Ser judeu é ser um estrangeiro. É difícil evitar a conclusão de que foi por isso que Abraão foi ordenado a deixar sua terra, casa e casa paterna; porque, muito antes de José nascer, já se dizia a Abraão que seus descendentes seriam estrangeiros em uma terra que não era deles; porque Moisés teve que sofrer exílio antes de assumir a liderança do povo; porque os israelitas sofreram perseguição antes de herdarem sua própria terra; e porque a Torá é tão insistente que essa experiência – a recontagem da história sobre Pessach, juntamente com o sabor nunca esquecido do pão da aflição e as ervas amargas da escravidão – devem se tornar uma parte permanente de sua memória coletiva.

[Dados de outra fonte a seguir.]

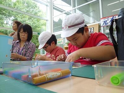 プラスチックを使ったキーホルダーや、紙トンボの工作体験も、真剣に取り組んでいました。

É aterrorizante, em retrospecto, entender como a Torá levou a sério o fenômeno da xenofobia, o ódio do estrangeiro. É como se a Torá estivesse dizendo com a maior clareza: a razão é insuficiente. A simpatia é inadequada. Apenas a força da história e da memória são fortes o suficiente para formar um contrapeso ao ódio.

A Torá pergunta: por que você não deveria odiar o estrangeiro? Porque você já esteve onde ele está agora. Você conhece o coração do estrangeiro porque você já foi um estrangeiro na terra do Egito. Se você é humano, ele também é. Se ele é menos que humano, você também é. Você deve lutar contra o ódio em seu coração, como Eu lutei contra o maior governante e o império mais forte do mundo antigo em seu favor. Eu te fiz entrar nos estranhos arquetípicos do mundo para lutar pelos direitos de estrangeiros – para os seus e os dos outros, onde quer que estejam, quem quer que sejam, qualquer que seja a cor de sua pele ou a natureza de sua cultura, porque eles não são à sua imagem, diz D-s, eles ainda são à Minha. Há apenas uma resposta forte o suficiente para responder a pergunta: por que eu não deveria odiar o estrangeiro? Porque o estrangeiro sou eu.

Shabat Shalom

 

NOTES
[1] Bava Metzia 59b .
[2] Êxodo 12:49 ; Levítico 24:22 ; Números 15:16 , 29.
[3] Ramban, comentário para Êxodo 22:22 .
[4] Ohr HaĤayim, comentário a Êxodo 22:20 .
[5] Ver Moshe Weinfeld, Justiça Social na Antiga Israel e no Antigo Oriente Próximo (Jerusalém: Magnes Press, 1995).
[6] O verbo barbarízein no grego antigo significava imitar os sons linguísticos que os não-gregos faziam, ou cometer erros gramaticais em grego.